_Problem details_:
Please retype the listing below word for word and exclude its images.

── Available data ──

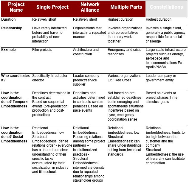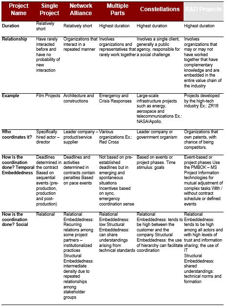 This type of temporal Embeddedness and social Embeddedness provides mechanisms for managing the uncertainty associated with projects and facilitates collaboration among the actors involved. Thus, focusing on the temporal and relational insertion mechanisms, (Jones & Lichtenstein, 2008) have offered a proposal of a typology for inter-organizational projects through empirical examples. The authors offer four different types of projects, two that are relatively short, such as film production and architectural design and construction, and two of longer duration, such as emergency projects or responses to crises and infrastructure projects (table 1). According to empirical evidence, these are the various forms of social and temporal Embeddedness in each type.
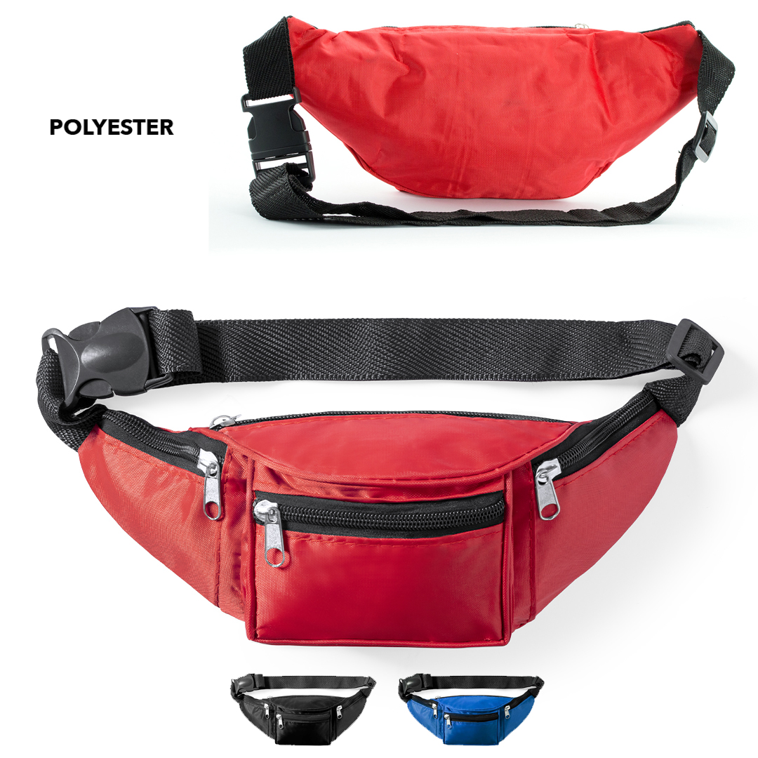 - Riñoneras baratas con bolsillos confeccionada de un poilester resistente con cintura con cierre de clic ajustabe.
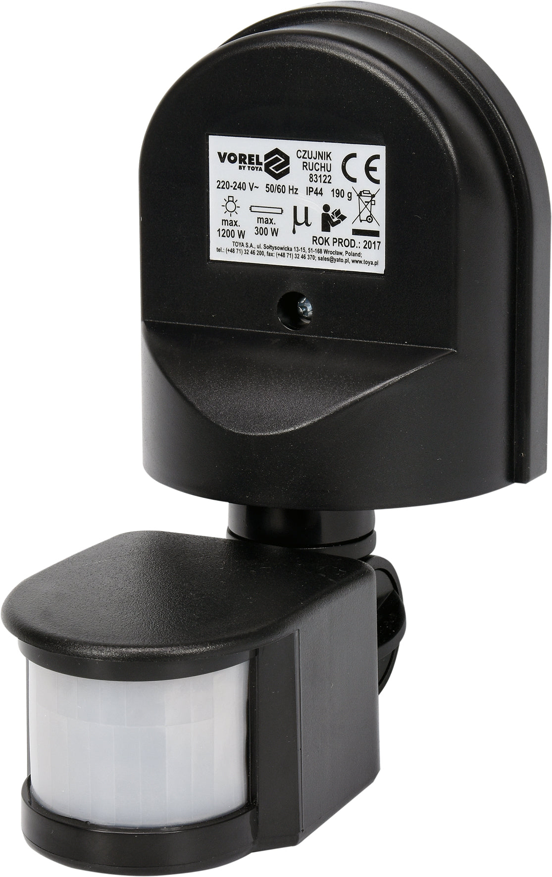 Motion sensor 83122 is equipped with an adjustable head, which after installation allows you to direct it to the desired direction. The sensor can detect movement in the range of 180 degrees at a distance of max. 12m. The maximum load of the sensor is 1200W for incandescent lighting (traditional bulb or halogen bulb) and 300W for compact fluorescent lamps. The IP44 tightness class allows the sensor to be used outdoors. It is available in black (index: 83122) and white (index: 83123).
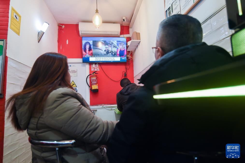 1月19日,人们在西班牙马德里一家餐厅内观看高速列车脱轨相撞事故相关新闻。

───

_Output of the exercise_:
 This type of temporal Embeddedness and social Embeddedness provides mechanisms for managing the uncertainty associated with projects and facilitates collaboration among the actors involved. Thus, focusing on the temporal and relational insertion mechanisms, (Jones & Lichtenstein, 2008) have offered a proposal of a typology for inter-organizational projects through empirical examples. The authors offer four different types of projects, two that are relatively short, such as film production and architectural design and construction, and two of longer duration, such as emergency projects or responses to crises and infrastructure projects (table 1). According to empirical evidence, these are the various forms of social and temporal Embeddedness in each type.
 - Riñoneras baratas con bolsillos confeccionada de un poilester resistente con cintura con cierre de clic ajustabe.
 Motion sensor 83122 is equipped with an adjustable head, which after installation allows you to direct it to the desired direction. The sensor can detect movement in the range of 180 degrees at a distance of max. 12m. The maximum load of the sensor is 1200W for incandescent lighting (traditional bulb or halogen bulb) and 300W for compact fluorescent lamps. The IP44 tightness class allows the sensor to be used outdoors. It is available in black (index: 83122) and white (index: 83123).
 1月19日,人们在西班牙马德里一家餐厅内观看高速列车脱轨相撞事故相关新闻。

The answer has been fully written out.